Ей тридцать пять или может быть чуть больше. Но выглядит она прекрасно. Честно прекрасно. Если бы она жила в другой стране, она, наверняка, была бы окружена другими людьми, и море перед ней было бы другим, не Черным. Но она живет в этой стране.

 — Так, кажется, ты у меня сейчас доиграешься.

 Эдиган неловко поворачивается на бок и поднимает тапочек. Все происходит так быстро, что даже непонятно, как это могло случиться.

 — Ненормальный, что ты сделал? — растерянно спрашивает Лиза. В руках у неё ее прекрасные Рейбены с треснувшим стеклом. — Зачем ты бросил в меня свой вонючий тапочек, ты можешь мне ответить?

 Я знаю всех их уже много лет. Эдигана — главного нонконформиста нашего города, воссоздающего жизнь с помощью обрезков кожи, металла и стекла. Спутницу его жизни рыжеволосую Нинон, которая пытается выглядеть дочерью члена Палаты лордов и владелицей родового замка в Шотландии. Она лежит, устроив голову на боку у мускулистого молодого человека по кличке Бугай, который не отличается ни знанием современного искусства, ни родословной, но которого держат в компании с единственной целью — оберегать честь маэстро и достоинство его спутницы. Необходимость в этом возникает постоянно, поскольку Эдиган — скандалист, а его подруга, как говорится, не любит заложить за воротничок. После этого её тянет выяснять у окружающих, какое место занимает её возлюбленный в пантеоне мировой живописи и ваяния. В девяти случаях из десяти диспут перерастает в драку.

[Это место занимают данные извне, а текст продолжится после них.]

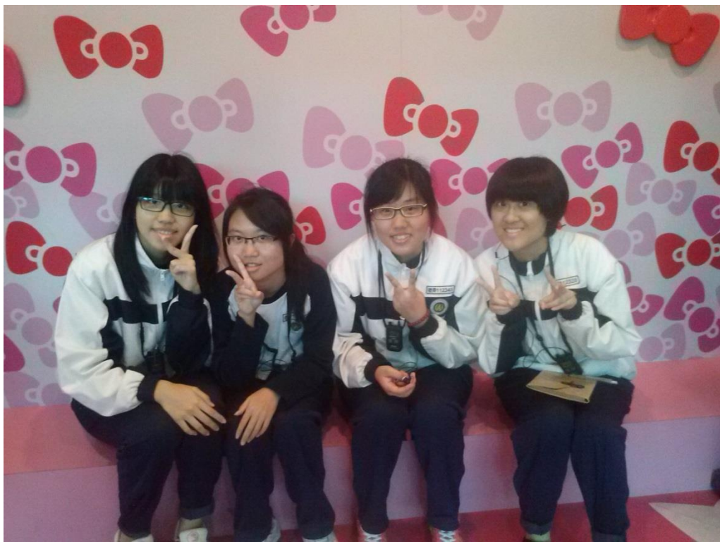
<桃園國際機場第二航廈查票區>

Еще один присутствующий здесь, яростно стремящийся к известности керамист с редкой фамилией — Брежнев. И, наконец, Лиза, с разбитыми очками в руках, растерянно оглядывающаяся вокруг в поисках поддержки или хотя бы сочувствия. Бедная моя Лиза, гримерша местного ТЮЗа с чудесными карими, уже окруженными мелкой сетью морщинок глазами.

 — Ничего, — скажет она, приближая лицо к зеркалу и подтягивая кожу пальцами, — еще вполне можно пользоваться. Только где найти этого миллионера? Не то, чтобы мне нужны были  его миллионы, но когда я думаю, что тридцатого числа мне надо отдать четвертак за квартиру, четвертак — за рассрочку за телевизор, сороковник за духи и еще все эти троечки и пятерочки, которые я должна кажется всей Одессе, я начинаю понимать, что миллионер — это единственный выход.

 — A педикюры?

 — Слушай, ты вообще знаешь, сколько у меня клиентов? Человек пять, но их надо видеть. Например, старуху Бродскую. Ты себе не представляешь её ноги. После неё я чувствую себя как слесарь-фрезеровщик после ночной смены.

 Глядя на свою непрактичную подругу, Нинон только усмехнется самым краешком губ.

 — Ненормальный, — повторяет Лиза. — Я отдала за эти очки последние тридцать пять рублей. Зачем ты сделал это? Отвечай!

 — Скажи спасибо, что я тебя вообще не убил.

 Брежнев смеется. Он не любит Лизу. После того как она отказалась спать с ним, он считает её стервой и дурой.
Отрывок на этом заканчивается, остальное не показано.